5. Toutefois, il résulte de l’instruction, que l’intéressée a déposé un dossier complet de demande de renouvellement de son titre de séjour le 14 mai 2024. En vertu des dispositions combinées des articles R. 432-1 et R. 432-2 du code de l’entrée et du séjour des étrangers et du droit d’asile rappelées au point 3, le silence gardé par l’administration sur cette demande a fait naître une décision implicite de rejet à l’expiration de la période de quatre mois après son enregistrement. La demande de Mme B C doit ainsi être regardée comme ayant fait l’objet d’une décision implicite de rejet à la date du 14 septembre 2024, alors notamment qu’aucune pièce complémentaire ne lui a été demandée dans cet intervalle et sans qu’y fasse obstacle la circonstance que l’intéressée a été munie d’un récépissé après cette date. En tout état de cause, sa demande doit être regardée comme ayant fait l’objet d’une décision implicite de rejet à l’expiration du récépissé obtenu sur sa demande de titre de séjour, soit le 13 novembre 2024.
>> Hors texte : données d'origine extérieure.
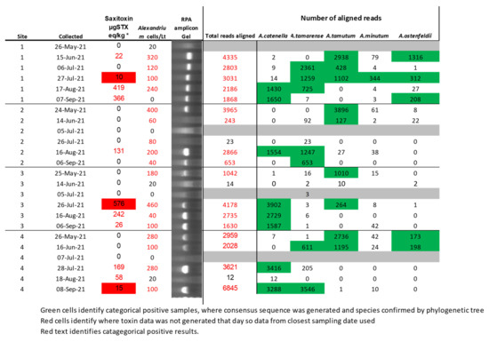 The PST producing A. minutum was observed with the lowest abundance of reads, and its presence was only confirmed in three samples using the RPB kit [58]. It was noted that the species presence was confirmed on each occasion, and levels of PST in shellfish were detected. Furthermore, although not confirmed by the generation of a consensus sequence, there were numerous reads aligning with the species from the site one sample that had levels of PST detected on the 15 June.

6. Eu égard à l’intervention de cette décision implicite de rejet, la demande formée par Mme B C sur le fondement de l’article L. 521-3 du code de justice administrative est de nature à faire obstacle à l’exécution de cette décision administrative. Il en résulte que, s’il est loisible à l’intéressée, si elle s’y croit fondée, de contester cette décision par la voie de l’excès de pouvoir et du référé à fins de suspension d’exécution, la mesure sollicitée ne saurait être prononcée par le juge des référés statuant sur le fondement de l’article L. 521-3 du code de justice administrative.
7. Il résulte de ce qui précède, qu’y a lieu de rejeter la requête de Mme B C en toutes ses conclusions selon la procédure prévue par l’article L. 522-3 du code de justice administrative.
Sur les conclusions présentées au titre de l’article L. 761-1 du code de justice administrative :
8. Les dispositions combinées de l’article 37 de la loi du 10 juillet 1991 relative à l’aide juridique et de l’article L. 761-1 du code de justice administrative font obstacle à ce que soit mise à la charge de l’Etat, qui n’est pas la partie perdante, une somme au titre des frais non compris dans les dépens.
O R D O N N E :
Article 1 : Mme A B C est admise à l’aide juridictionnelle provisoire.
Article 2 : La requête de Mme B C est rejetée.
Article 3 : La présente ordonnance sera notifiée à Mme A B C.
Copie en sera délivrée à la préfète de l’Isère.
Fait à Grenoble, le 7 février 2025.
Le juge des référés,
C. VIAL-PAILLER
La République mande et ordonne à la préfète de l’Isère en ce qui le concerne et à tous commissaires de justice à ce requis en ce qui concerne les voies de droit commun, contre les parties privées, de pourvoir à l’exécution de la présente décision.